EXERCISE AIM:
The whole listing should be retyped word for word, apart from the pictures it holds.

COLLECTED DATA:
══════════

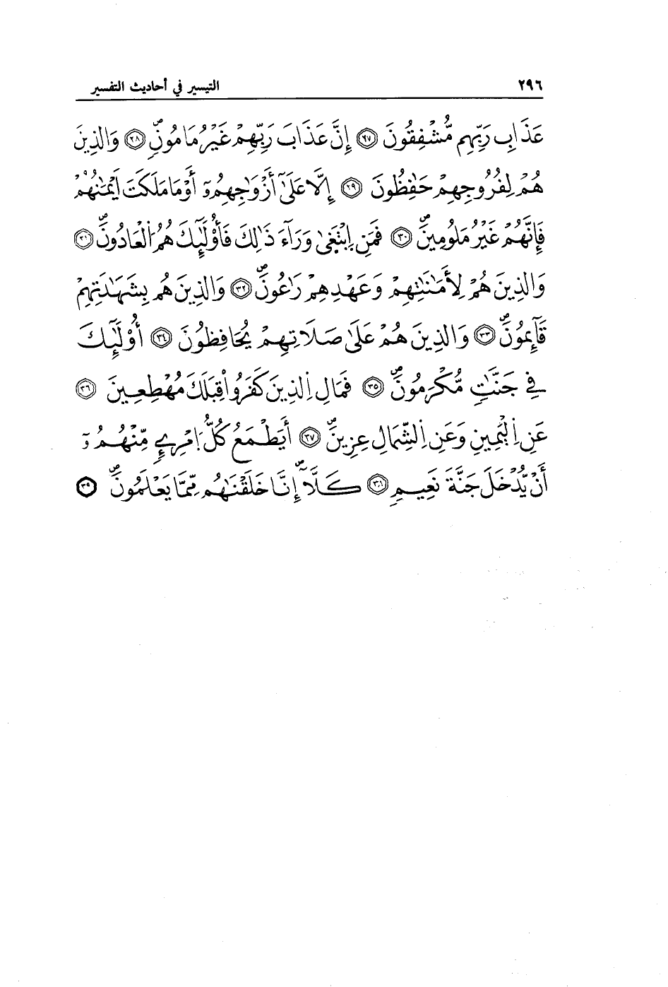 عَذَابِ رَبِّهِمْ مُشْفِقُونَ (27) إِنَّ عَذَابَ رَبِّهِمْ غَيْرُ مَأْمُونٍ (28) وَالَّذِينَ هُمْ لِفُرُوجِهِمْ حَافِظُونَ (29) إِلَّا عَلَى أَزْوَاجِهِمْ أَوْ مَا مَلَكَتْ أَيْمَانُهُمْ فَإِنَّهُمْ غَيْرُ مَلُومِينَ (30) فَمَنِ ابْتَغَى وَرَاءَ ذَلِكَ فَأُولَئِكَ هُمُ الْعَادُونَ (31) وَالَّذِينَ هُمْ لِأَمَانَاتِهِمْ وَعَهْدِهِمْ رَاعُونَ (32) وَالَّذِينَ هُمْ بِشَهَادَاتِهِمْ قَائِمُونَ (33) وَالَّذِينَ هُمْ عَلَى صَلَاتِهِمْ يُحَافِظُونَ (34) أُولَئِكَ فِي جَنَّاتٍ مُكْرَمُونَ (35) فَمَالِ الَّذِينَ كَفَرُوا قِبَلَكَ مُهْطِعِينَ (36) عَنِ الْيَمِينِ وَعَنِ الشِّمَالِ عِزِينَ (37) أَيَطْمَعُ كُلُّ امْرِئٍ مِنْهُمْ أَنْ يُدْخَلَ جَنَّةَ نَعِيمٍ (38) كَلَّا إِنَّا خَلَقْنَاهُمْ مِمَّا يَعْلَمُونَ (39)
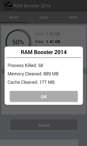 《 公羊助推器 2014年"是 android 實用應用程式,可以增加你的 Android 手機的性能增加關於空閒記憶體或可用的 RAM。此應用程式的快速和容易使用。只需打開該應用程式並點擊大提高按鈕,以釋放記憶體,您的設備上。RAM 助推器,是每個 Android 設備應已安裝的應用程式。在某些情況下它甚至可以清理 50%或更多的您的設備上的可用記憶體。記憶體助推器穿過你的手機,清理你的系統記憶體,增加您的手機或平板電腦,性能和改善您的電池壽命。最好的部分是,它是完全免費 !
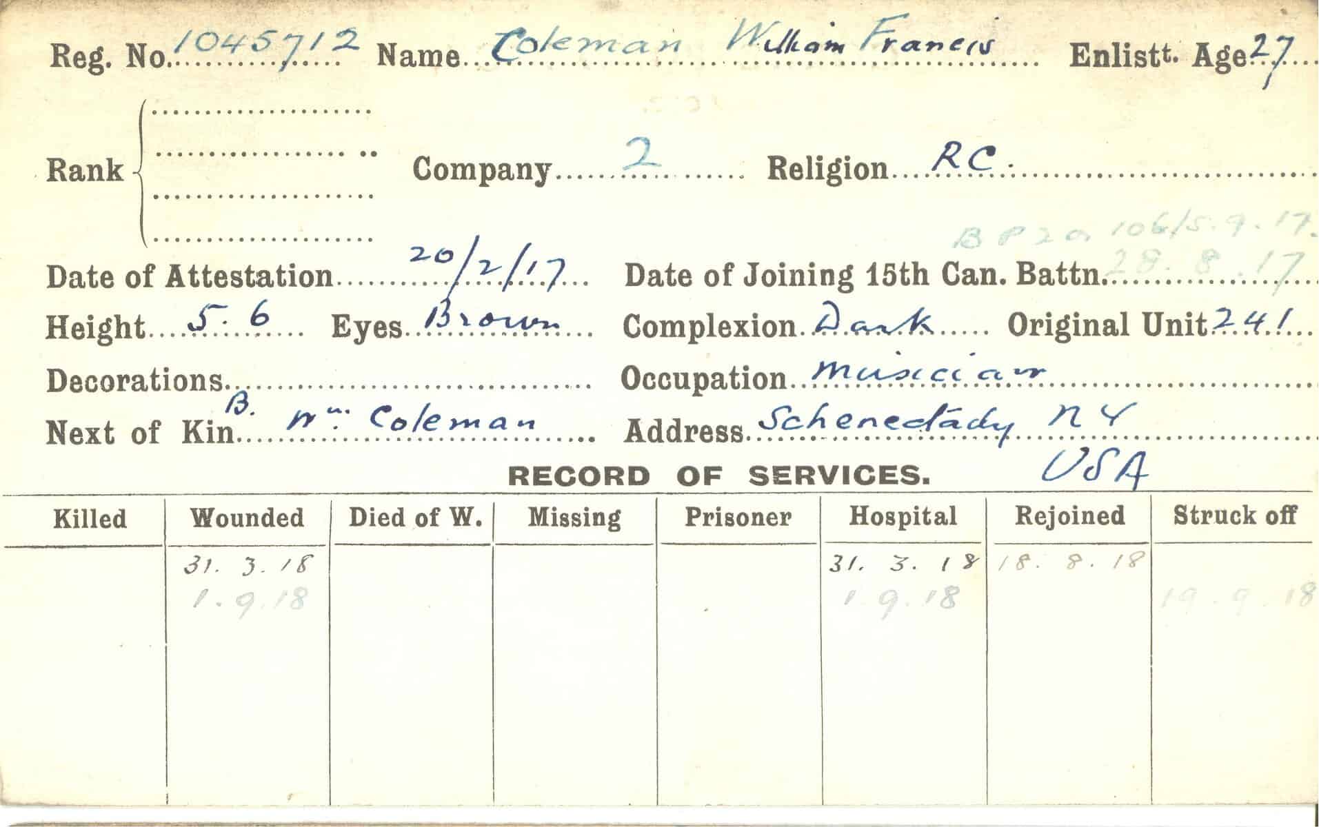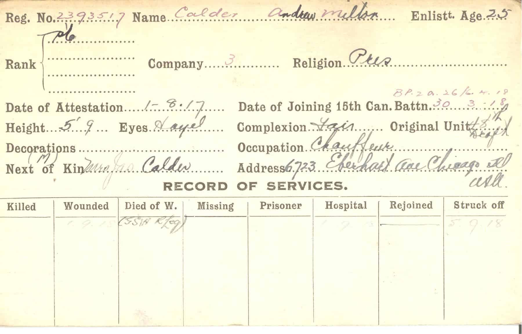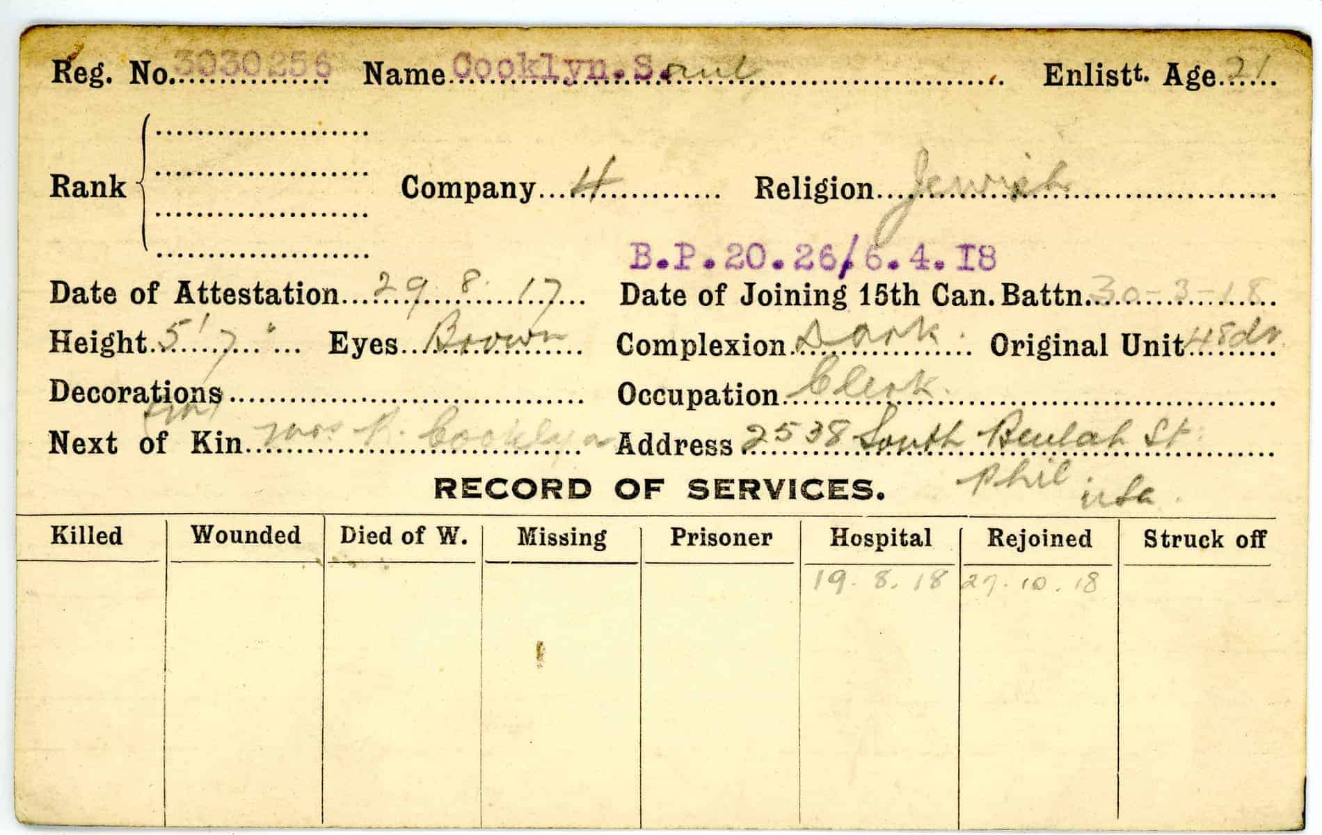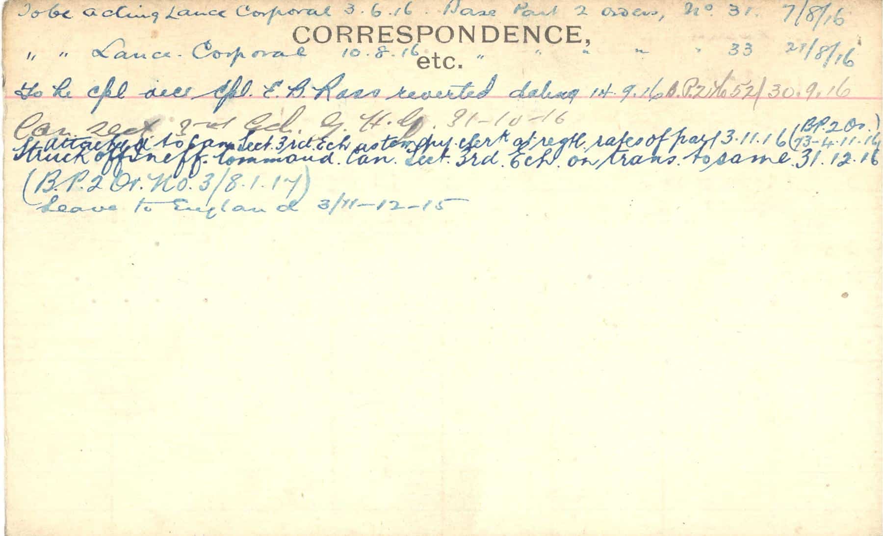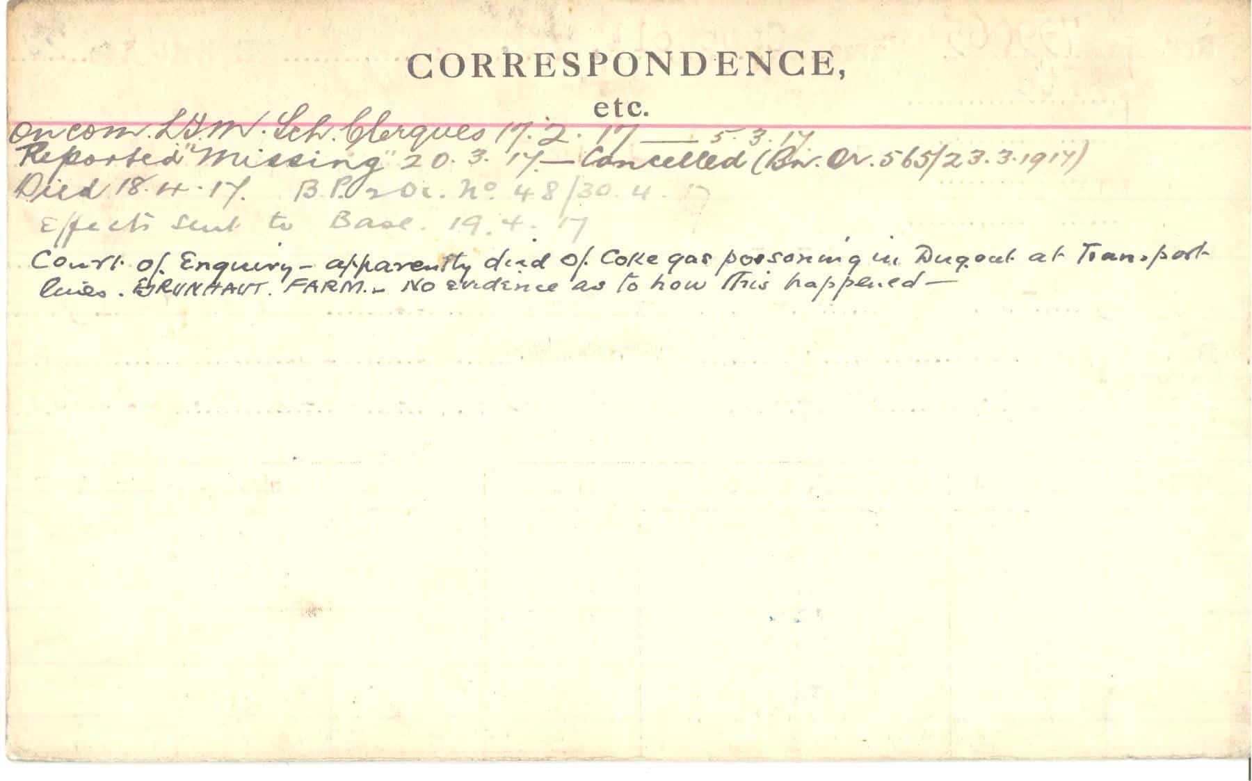 Record of Service Cards – C

══════════

RESPONSE TO THE EXERCISE:
 عَذَابِ رَبِّهِمْ مُشْفِقُونَ (27) إِنَّ عَذَابَ رَبِّهِمْ غَيْرُ مَأْمُونٍ (28) وَالَّذِينَ هُمْ لِفُرُوجِهِمْ حَافِظُونَ (29) إِلَّا عَلَى أَزْوَاجِهِمْ أَوْ مَا مَلَكَتْ أَيْمَانُهُمْ فَإِنَّهُمْ غَيْرُ مَلُومِينَ (30) فَمَنِ ابْتَغَى وَرَاءَ ذَلِكَ فَأُولَئِكَ هُمُ الْعَادُونَ (31) وَالَّذِينَ هُمْ لِأَمَانَاتِهِمْ وَعَهْدِهِمْ رَاعُونَ (32) وَالَّذِينَ هُمْ بِشَهَادَاتِهِمْ قَائِمُونَ (33) وَالَّذِينَ هُمْ عَلَى صَلَاتِهِمْ يُحَافِظُونَ (34) أُولَئِكَ فِي جَنَّاتٍ مُكْرَمُونَ (35) فَمَالِ الَّذِينَ كَفَرُوا قِبَلَكَ مُهْطِعِينَ (36) عَنِ الْيَمِينِ وَعَنِ الشِّمَالِ عِزِينَ (37) أَيَطْمَعُ كُلُّ امْرِئٍ مِنْهُمْ أَنْ يُدْخَلَ جَنَّةَ نَعِيمٍ (38) كَلَّا إِنَّا خَلَقْنَاهُمْ مِمَّا يَعْلَمُونَ (39)
 《 公羊助推器 2014年"是 android 實用應用程式,可以增加你的 Android 手機的性能增加關於空閒記憶體或可用的 RAM。此應用程式的快速和容易使用。只需打開該應用程式並點擊大提高按鈕,以釋放記憶體,您的設備上。RAM 助推器,是每個 Android 設備應已安裝的應用程式。在某些情況下它甚至可以清理 50%或更多的您的設備上的可用記憶體。記憶體助推器穿過你的手機,清理你的系統記憶體,增加您的手機或平板電腦,性能和改善您的電池壽命。最好的部分是,它是完全免費 !
 Record of Service Cards – C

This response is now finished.